- [Prompt]:
Copy the material below verbatim from the line with "Сад с американским" to the line with "Step 7: Walk", both lines included, omitting pictures and every line outside that range.

- [Available records]:

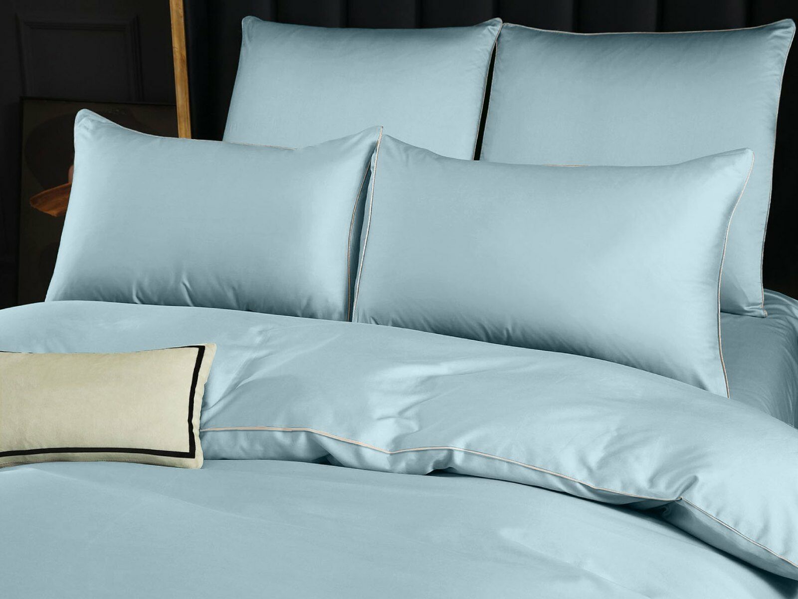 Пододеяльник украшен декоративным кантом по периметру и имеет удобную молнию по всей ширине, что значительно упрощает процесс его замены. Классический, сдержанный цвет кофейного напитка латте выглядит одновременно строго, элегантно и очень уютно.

--

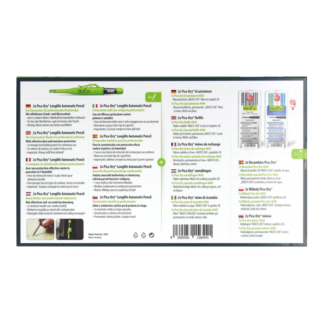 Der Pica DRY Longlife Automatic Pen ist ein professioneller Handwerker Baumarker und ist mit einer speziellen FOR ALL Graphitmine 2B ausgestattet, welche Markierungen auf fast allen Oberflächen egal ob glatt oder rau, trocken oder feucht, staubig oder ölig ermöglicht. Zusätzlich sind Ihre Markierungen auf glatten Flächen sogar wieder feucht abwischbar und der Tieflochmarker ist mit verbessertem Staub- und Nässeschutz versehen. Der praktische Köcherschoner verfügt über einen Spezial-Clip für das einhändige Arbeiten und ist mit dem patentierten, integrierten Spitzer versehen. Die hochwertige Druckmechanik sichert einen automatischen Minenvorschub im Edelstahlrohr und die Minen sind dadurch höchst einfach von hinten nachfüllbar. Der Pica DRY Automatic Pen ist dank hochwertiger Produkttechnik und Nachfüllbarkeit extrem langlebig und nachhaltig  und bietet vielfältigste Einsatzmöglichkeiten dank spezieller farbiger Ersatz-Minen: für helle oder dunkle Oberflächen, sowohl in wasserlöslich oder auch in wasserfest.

...

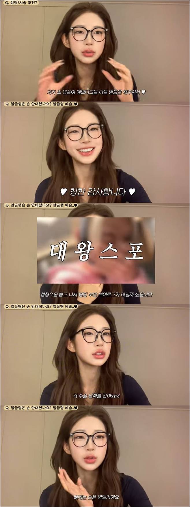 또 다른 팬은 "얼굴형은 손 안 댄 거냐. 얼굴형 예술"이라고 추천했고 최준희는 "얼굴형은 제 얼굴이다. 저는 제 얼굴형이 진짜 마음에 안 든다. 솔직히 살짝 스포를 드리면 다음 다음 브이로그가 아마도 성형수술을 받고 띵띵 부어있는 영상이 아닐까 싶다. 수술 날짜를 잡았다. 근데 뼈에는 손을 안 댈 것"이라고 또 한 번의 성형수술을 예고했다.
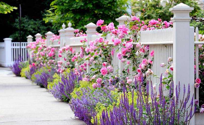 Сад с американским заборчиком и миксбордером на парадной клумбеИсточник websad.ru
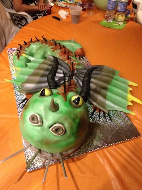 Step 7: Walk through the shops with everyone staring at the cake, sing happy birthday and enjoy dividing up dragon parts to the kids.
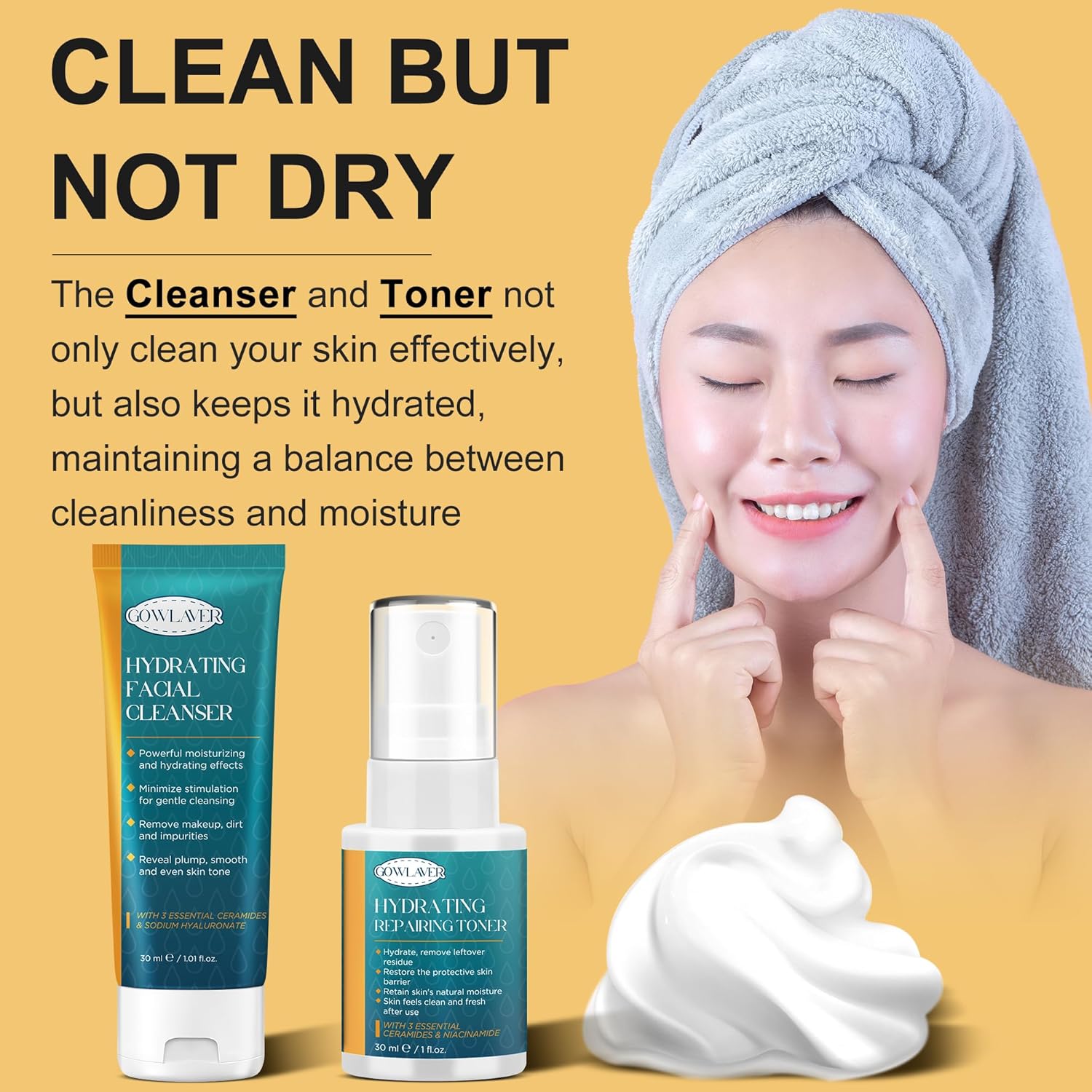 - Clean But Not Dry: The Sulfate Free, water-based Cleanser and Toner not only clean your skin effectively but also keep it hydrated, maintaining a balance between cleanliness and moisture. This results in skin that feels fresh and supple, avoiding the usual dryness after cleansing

- [Answer]:
 Сад с американским заборчиком и миксбордером на парадной клумбеИсточник websad.ru
 Step 7: Walk through the shops with everyone staring at the cake, sing happy birthday and enjoy dividing up dragon parts to the kids.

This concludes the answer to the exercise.